- Theatrical poster
- Directed by: Richard Jefferies
- Screenplay by: Richard Jefferies; Nico Mastorakis;
- Produced by: Donald Langdon Nico Mastorakis Brian Trenchard-Smith
- Starring: James Earl Jones; José Ferrer; Lila Kedrova; Mary Louise Weller; Martin Kove; Lydia Cornell; Deborah Shelton;
- Cinematography: Aris Stavrou
- Edited by: Michael Bloecher Alberto Valenzuela
- Music by: Shuki Levy Jerry Mostly
- Production companies: Connaught International Athon
- Distributed by: 21st Century Film Corporation (U.S.)
- Release date: 24 September 1982 (Bergen, New Jersey);
- Running time: 87 minutes
- Countries: United Kingdom; Greece;
- Language: English

= Blood Tide =

Blood Tide is a 1982 British horror film directed by Richard Jefferies, and starring James Earl Jones, José Ferrer, Lila Kedrova, Lydia Cornell, Mary Louise Weller, Martin Kove, and Deborah Shelton. Its plot follows a young American couple visiting a Greek island where the husband's sister disappeared; they soon find that an ancient monster has been released, forcing the villagers to return to the practice of human sacrifice to appease it.
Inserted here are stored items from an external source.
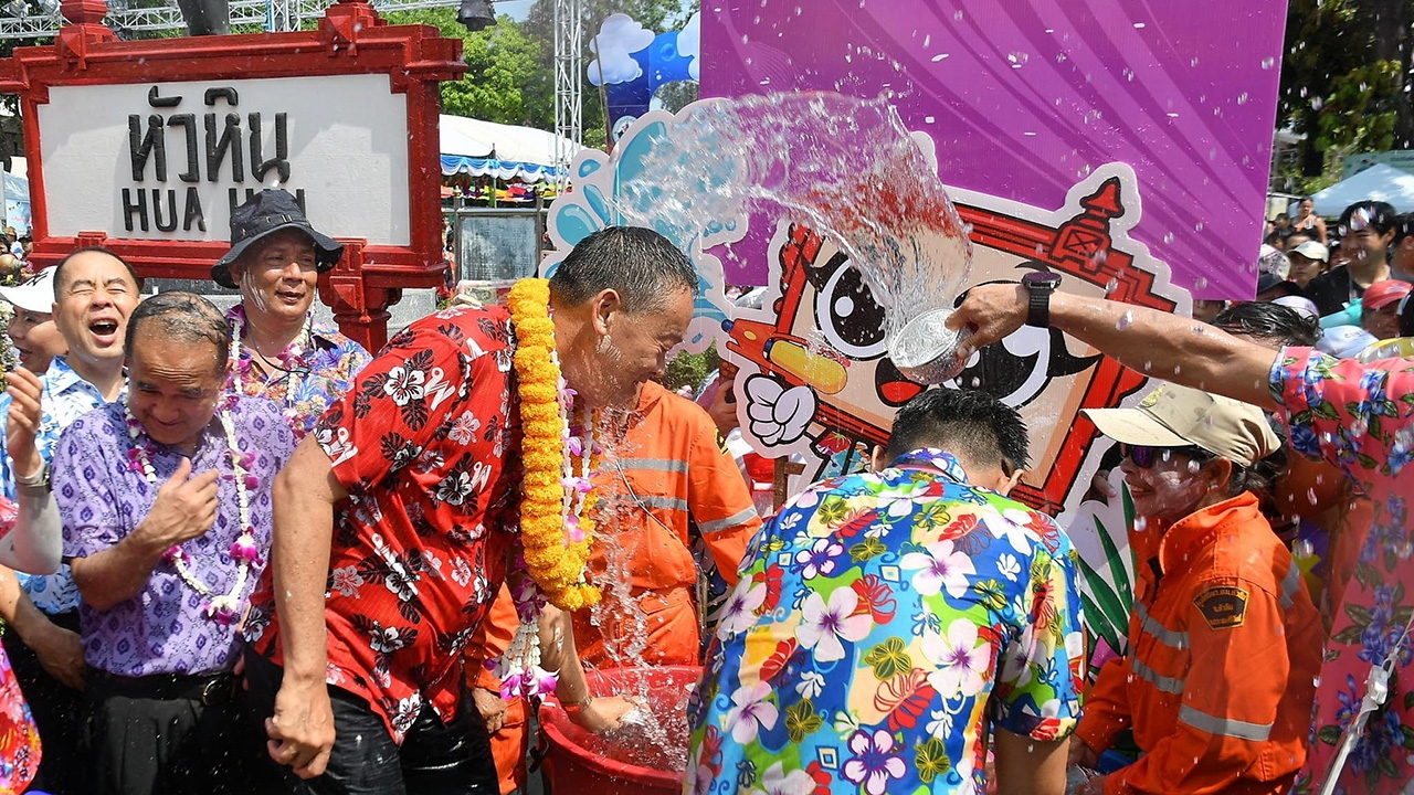 นายเศรษฐา ทวีสิน นายกฯ และ รมว.คลัง ในชุดเสื้อแดงลายดอก มีตัวอักษร พ เหมือนโลโก้ พรรคเพื่อไทย ร่วมเล่นน้ำสงกรานต์กับประชาชนอย่างเป็นกันเอง จนเปียกปอนทั้งตัว ระหว่างไปเป็นประธานเปิดงานเทศกาลสงกรานต์ประจำปี 2567 ที่จัดโดยเทศบาลนครเมืองหัวหิน ณ สวนสาธารณะโผนกิ่งเพชร อ.หัวหิน จ.ประจวบคีรีขันธ์.
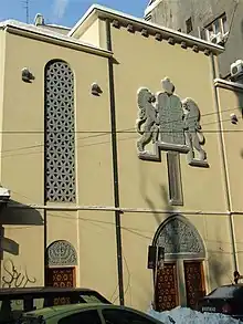 The synagogue is located on 9 Tache Ionescu Street, near Piaţa Amzei and Piața Romană metro station. It was built in 1827 and renovated in 2007. A Moorish architectural influence can be observed on the facade. Bas-reliefs decorate the tympanums above the frontal doors and the upper part of the facade.
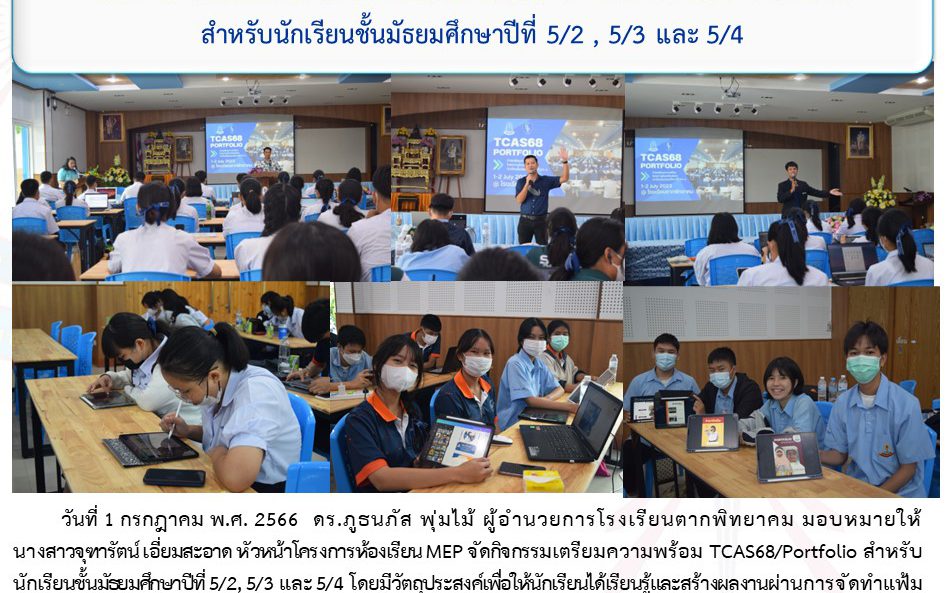 วันที่ 1 กรกฎาคม พ.ศ. 2566 ดร.ภูธนภัส พุ่มไม้ ผู้อำนวยการโรงเรียนตากพิทยาคม มอบหมายให้นางสาวจุฑารัตน์ เอี่ยมสะอาด หัวหน้าโครงการห้องเรียน MEP จัดกิจกรรมเตรียมความพร้อม TCAS68/Portfolio สำหรับนักเรียนชั้นมัธยมศึกษาปีที่ 5/2, 5/3 และ 5/4 โดยมีวัตถุประสงค์เพื่อให้นักเรียนได้เรียนรู้และสร้างผลงานผ่านการจัดทำแฟ้มสะสมผลงาน (Portfolio) เรียนรู้โปรแกรมคอมพิวเตอร์ที่สำคัญในการจัดทำและเผยแพร่ผลงานของตนเอง ระหว่างวันที่ 1-2 กรกฎาคม พ.ศ. 2566 ณ ห้องประชุม 115 ปี โรงเรียนตากพิทยาคม

The film is also known as Bloodtide (in the US) and Demon Island (American TV title). It has been misconstrued as a public domain film and pirated by many distributors who copied it from its original VHS release. However, as per The Copyright Office, copyright is registered under Omega Entertainment, Inc. and the writer/producer of the film, Nico Mastorakis.

==Plot==
Neil and Sherry Grice, a young American couple, are visiting Greece in search of Neil's missing sister, Madeline, an artist who traveled to a remote island off the coast shortly before her disappearance. Upon arriving on the island, the couple are met by Nereus, the elderly mayor. While touring the island, Neil and Sherry see Madeline walking along a rocky hill, and follow her. They find her in the company of Frye, a middle-aged treasure hunter who is initially hostile toward Neil.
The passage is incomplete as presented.